(Records drawn from a dataset)
********************

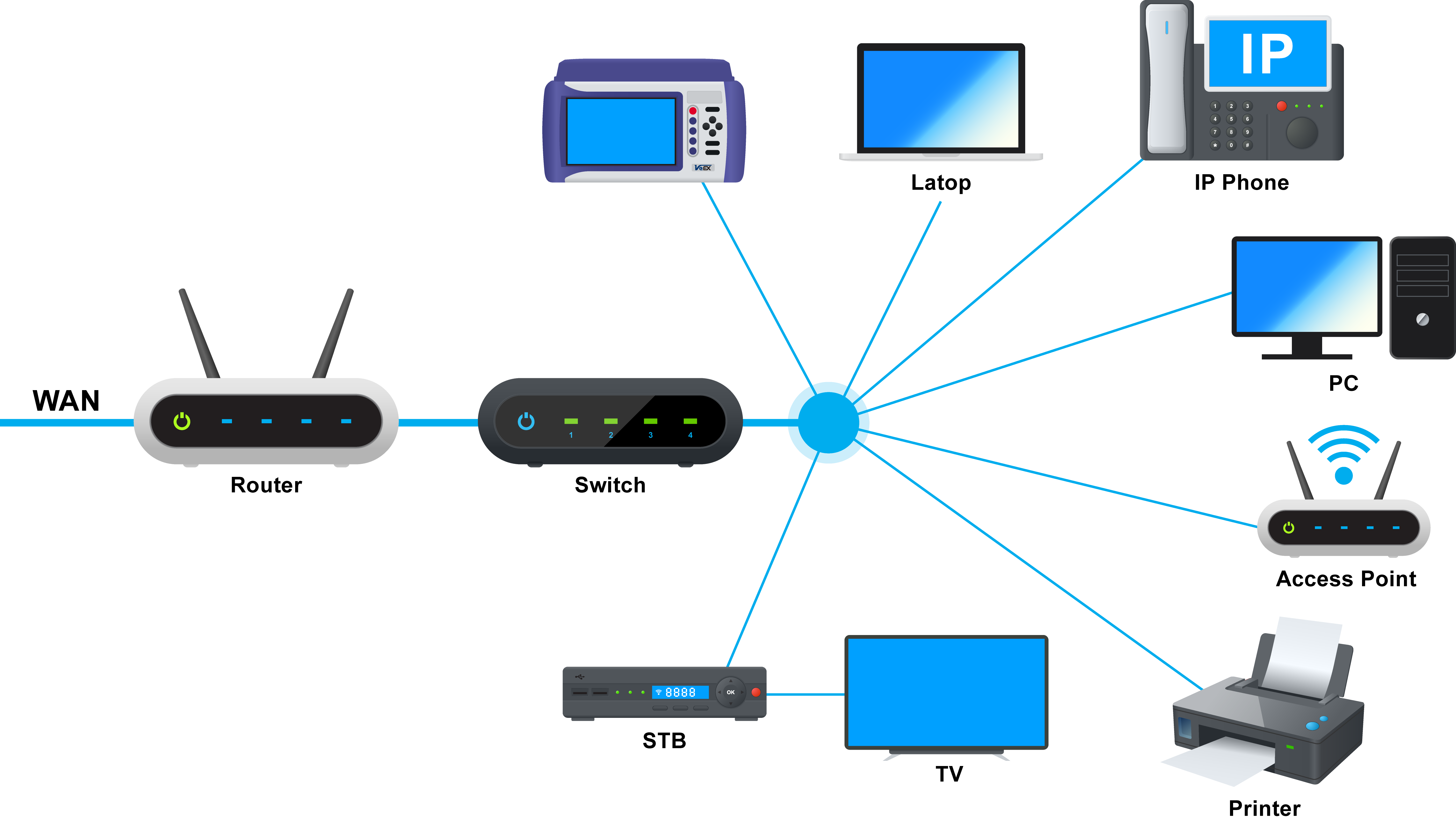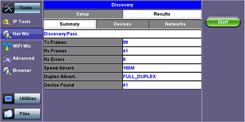 The Net Wiz function tests the Ethernet cable and associated network environment. A typical application is shown below.
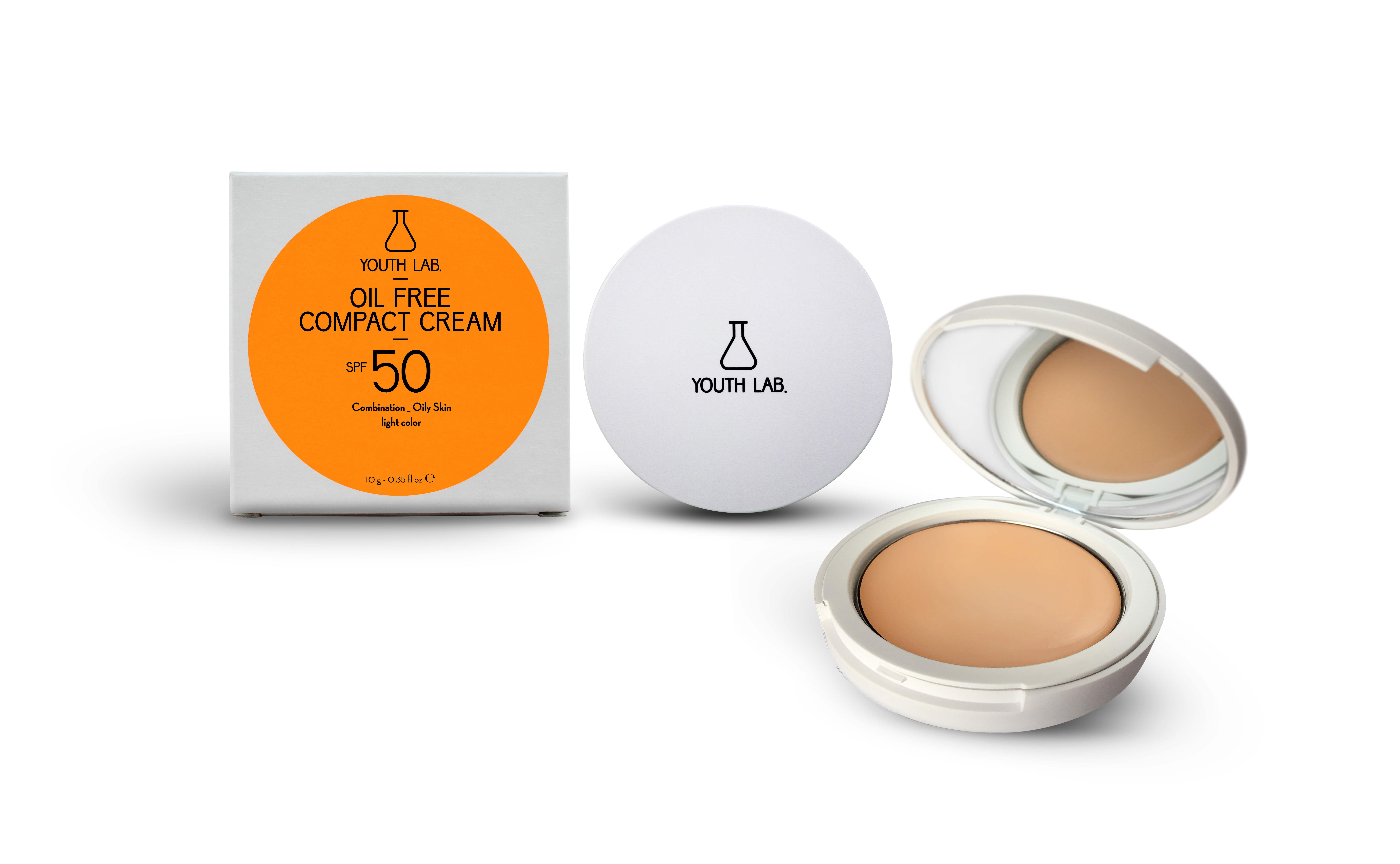 Oil Free Compact Cream SPF 50, Youth Lab, compact make-up για ισχυρή αντηλιακή προστασία από τη UVA και την UVB ηλιακή ακτινοβολία. Η μη λιπαρή σύνθεσή του προσαρμόζεται στο χρωματικό τόνο της επιδερμίδας, ενώ ελαχιστοποιεί την όψη των πόρων του δέρματος, χαρίζοντας ματ αποτέλεσμα και ομοιόμορφη όψη που παραμένει σταθερή και αναλλοίωτη για ώρες. Σε πρακτική συσκευασία με σφουγγαράκι εφαρμογής και καθρέπτη. Δερματολογικά ελεγμένο, μη φαγεσωρογόνο, χωρίς parabens. Στα φαρμακεία.
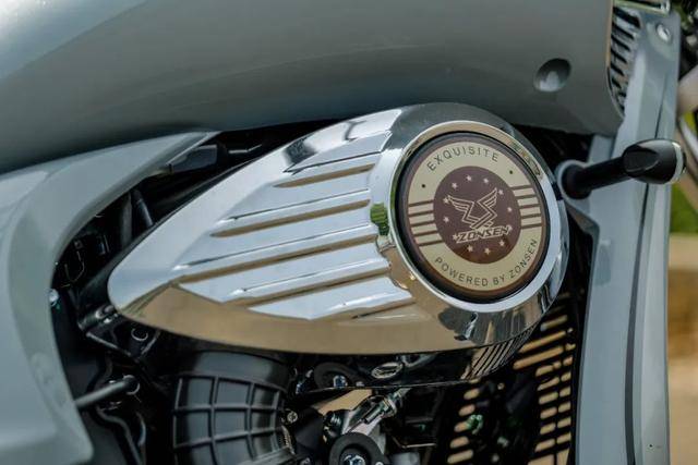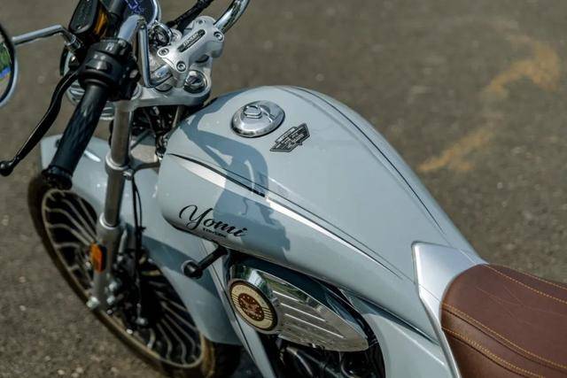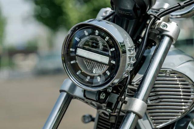 YOMI的外觀堪稱跨騎界的“顯眼包”,其設計跳脫傳統(tǒng)巡航車的框架,將美式Chopper的高把、低座、長軸距元素與東方審美巧妙結合。車身線條流暢優(yōu)雅,水滴形油箱采用鋼琴烤漆工藝,搭配鍍鉻豎琴格柵裝飾罩,復古中透露出精致感。前大燈的號角造型與LED光源設計,既呼應經典又兼顧實用性,夜間辨識度極高。尾部的“海洋之心”心形尾燈更是點睛之筆,賦予整車浪漫氣息。
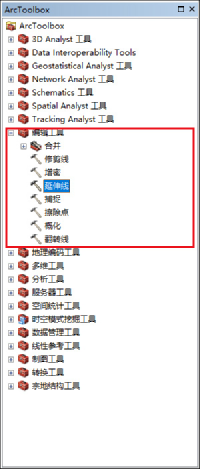 工具位于ArcToolbox-->编辑工具-->延伸线(ArcToolbox-->Editingtools-->Extendline)。
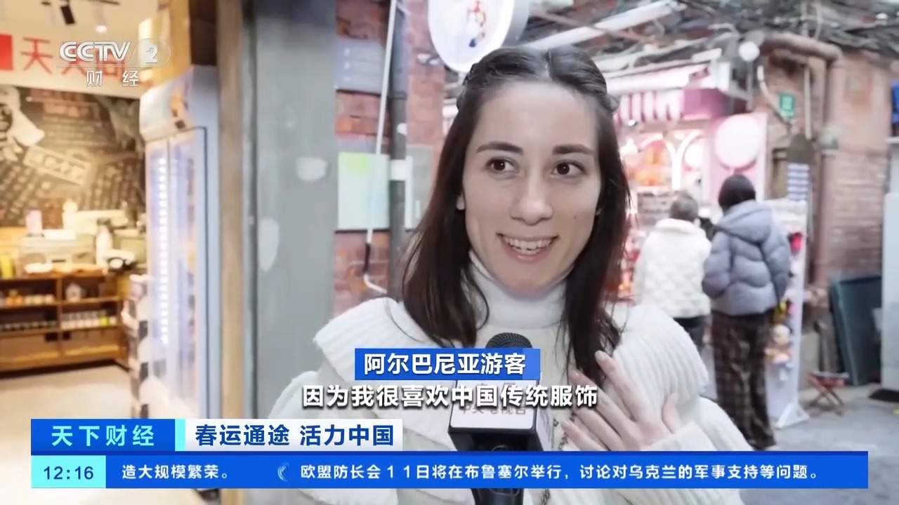 阿爾巴尼亞游客:準(zhǔn)備給我外甥和我自己買衣服,因?yàn)槲液芟矚g中國(guó)傳統(tǒng)服飾,我想在我的婚禮上穿著它。
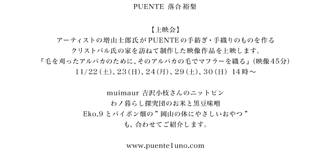2010年 アルパカニット -PUENTEで冬支度- 2012年 アルパカニット -PUENTEで冬支度- 2013年 アルパカニット -PUENTEで冬支度-

********************

**YOUR TASK**
Only the lines from the one containing "工具位于ArcToolbox" through the end of the records should be copied, exactly and with both ends included; the pictures should not.

**WORKED SOLUTION**
 工具位于ArcToolbox-->编辑工具-->延伸线(ArcToolbox-->Editingtools-->Extendline)。
 阿爾巴尼亞游客:準(zhǔn)備給我外甥和我自己買衣服,因?yàn)槲液芟矚g中國(guó)傳統(tǒng)服飾,我想在我的婚禮上穿著它。
2010年 アルパカニット -PUENTEで冬支度- 2012年 アルパカニット -PUENTEで冬支度- 2013年 アルパカニット -PUENTEで冬支度-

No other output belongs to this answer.